Today we're having the Buttercream talk. If there is one thing I know it's ... Buttercream. I've made literally hundreds of batches. I am positive I could make this blindfolded.
Buttercream also know as butter icing is a type of icing used inside cakes, as a coating (meaning to cover the cake) and as decoration. It's made by creaming together the butter or fat with Confectioner Sugar (aka Powder sugar). Coloring and Flavorings are often added such as chocolate, fruit compotes or various extracts. Buttercream is a common popular topping for cupcakes, cakes, and other desserts.
Lets get started with a no Fail Buttercream Recipe.
First we are going to use the creaming method:meaning we are going to break down our Fat. In this recipe it is Crisco Shortening and Butter. I use Salted butter, it helps to cut some of the sweetness. Usually this takes 1-2 minutes on a Stand mixer speed 2 or 4. If you don't have one you will need at least a 325 watt hand mixer and your speed is only going to be 1 or 2.
The next step is to add your flavoring. This can be in any combination for an example: can be vanilla extract , butter and almond extracts. the only requirement is that they equal you flavoring measurement.
Then I always use a piece of saran wrap and wrap it around my Kitchen Aid mixer. This is to prevent a powdered sugar blitzed. I mix in the whole 2 pounds of Powder Sugar slowly . If you have a hand mixer i would mix 1-2 cups at a time.
Optional: You can add Meringue Powder ( powder egg white) this helps preserve you recipe. this allows you to leave you buttercream out overnight without it going bad.
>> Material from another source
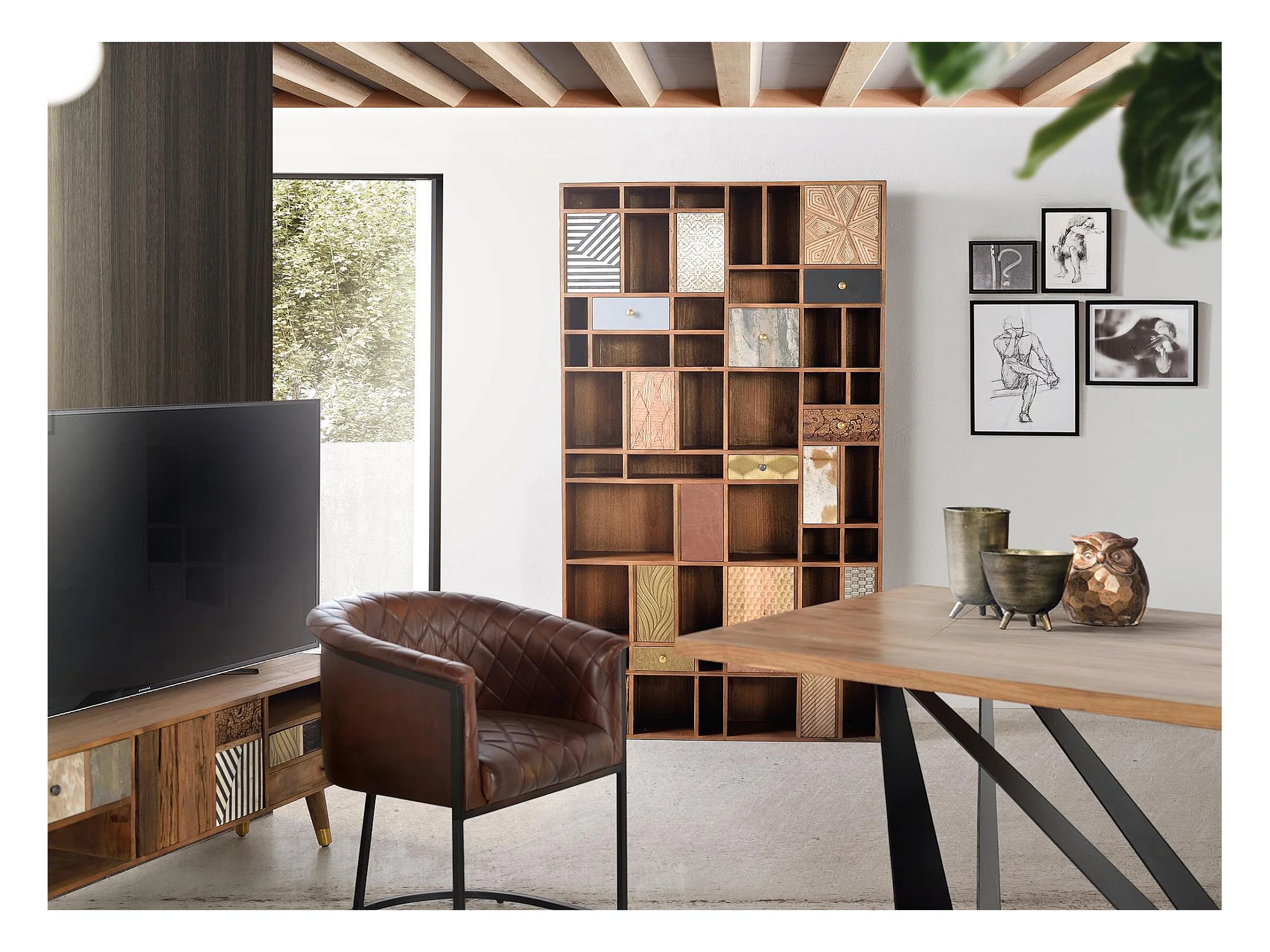 Etagère en bois de manguier couleur noyer clair

As I am mixing the powder sugar in I start to add my liquid slowly about 1-2 tablespoons at a time. This in my case is always whole milk but you can use water the same way.
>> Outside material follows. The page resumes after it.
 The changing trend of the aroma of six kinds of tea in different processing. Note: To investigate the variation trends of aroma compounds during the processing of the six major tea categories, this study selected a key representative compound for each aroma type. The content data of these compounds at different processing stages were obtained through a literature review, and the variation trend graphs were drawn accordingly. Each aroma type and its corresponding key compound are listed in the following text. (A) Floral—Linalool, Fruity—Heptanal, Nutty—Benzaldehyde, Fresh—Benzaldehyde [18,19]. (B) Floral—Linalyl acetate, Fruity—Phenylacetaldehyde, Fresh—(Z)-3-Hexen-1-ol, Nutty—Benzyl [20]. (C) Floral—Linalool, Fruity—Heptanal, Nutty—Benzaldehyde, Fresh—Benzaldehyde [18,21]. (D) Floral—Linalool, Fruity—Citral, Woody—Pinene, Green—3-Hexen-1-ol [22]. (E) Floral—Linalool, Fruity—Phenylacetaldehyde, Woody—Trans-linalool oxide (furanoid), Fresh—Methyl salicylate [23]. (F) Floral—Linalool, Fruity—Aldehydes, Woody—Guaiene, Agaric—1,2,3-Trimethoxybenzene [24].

Now you have a great icing for any dessert.
Here are few facts:
- Your need to cover your buttercream so it doesn't crust over.
- Buttercream can left out overnight without refrigerating…the sugar and the Meringue Powder acts as a preservative.
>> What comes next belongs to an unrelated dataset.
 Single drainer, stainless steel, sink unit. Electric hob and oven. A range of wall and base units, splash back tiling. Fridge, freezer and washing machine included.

- Basic Buttercream recipe can be changed by adding Flavorings: Peanut Butter, Fresh Fruit, Nutella, and etc..
- Buttercream can be stored airtight in the fridge for up to 2 weeks, honestly I always use mine within a few days.
- Buttercream can be stored airtight in the freezer for up to 6 months.
- When icing a cake, if I beat the icing on low for 10 minutes my icing becomes whiter and a smoother texture.
- Let you butter sit out to come to room temp and to soften. DO NOT put in the microwave. If you do not have time to wait, cut the butter into smaller chunks.
- Cream the butter and the shortening until s
- oft and creamy in the mixer. Usually takes 1-2 minutes. Remember if you don't have a stand mixer , you can do this with a 325 watt hand mixer.
- Add the vanilla or any combination for flavoring . Usually 1 minute.
- Add in the Powder sugar the whole bag. Unless you have a hand mixer then add 1-2 cups at a time. If I am going to add the Meringue Powder, ii would add it now as well.
- Add the milk 1-2 tablespoons at a time until you get the desired consistency.